Files
goplt/docs/content/stories/epic1/1.3-health-metrics-system.md

127 lines
3.8 KiB
Markdown

# Story 1.3: Health Monitoring and Metrics System
## Metadata
- **Story ID**: 1.3
- **Title**: Health Monitoring and Metrics System
- **Epic**: 1 - Core Kernel & Infrastructure
- **Status**: Pending
- **Priority**: High
- **Estimated Time**: 5-6 hours
- **Dependencies**: 1.1, 1.2
## Goal
Implement comprehensive health checks and Prometheus metrics for monitoring platform health and performance.
## Description
This story creates a complete health monitoring system with liveness and readiness probes, and a comprehensive Prometheus metrics system for tracking HTTP requests, database queries, and errors.
## Deliverables
### 1. Health Check System
- **HealthChecker Interface** (`pkg/health/health.go`):
- `HealthChecker` interface with `Check(ctx context.Context) error` method
- Health status types
- **Health Registry** (`internal/health/registry.go`):
- Thread-safe registry of health checkers
- Register multiple health checkers
- Aggregate health status
- `GET /healthz` endpoint (liveness probe)

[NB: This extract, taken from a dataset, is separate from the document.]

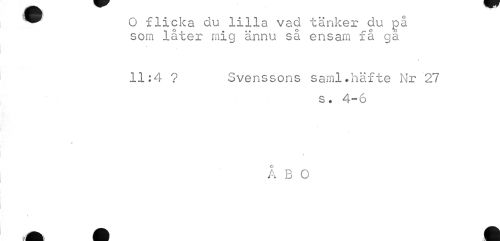 //// ^ O flicka du lilla vad tänker du gå //// som låter mig ännu så ensam få ga //// % //// 11:4 ? Svenssons saml.häfte Nr 27 //// s. 4-6 //// t //// O //// A B O //// Mm fl I ////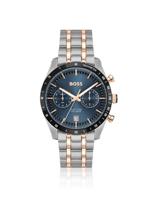 Horloge Met Blauwe Wijzerplaat En Tweekleurige Polsband voor heren

- `GET /ready` endpoint (readiness probe with database check)
- Individual component health checks
### 2. Prometheus Metrics System
- **Metrics Registry** (`internal/metrics/metrics.go`):
- Prometheus registry setup
- HTTP request duration histogram
- HTTP request counter (by method, path, status code)
- Database query duration histogram (via Ent interceptor)
- Error counter (by type)
- Custom metrics support
- **Metrics Endpoint**:
- `GET /metrics` endpoint (Prometheus format)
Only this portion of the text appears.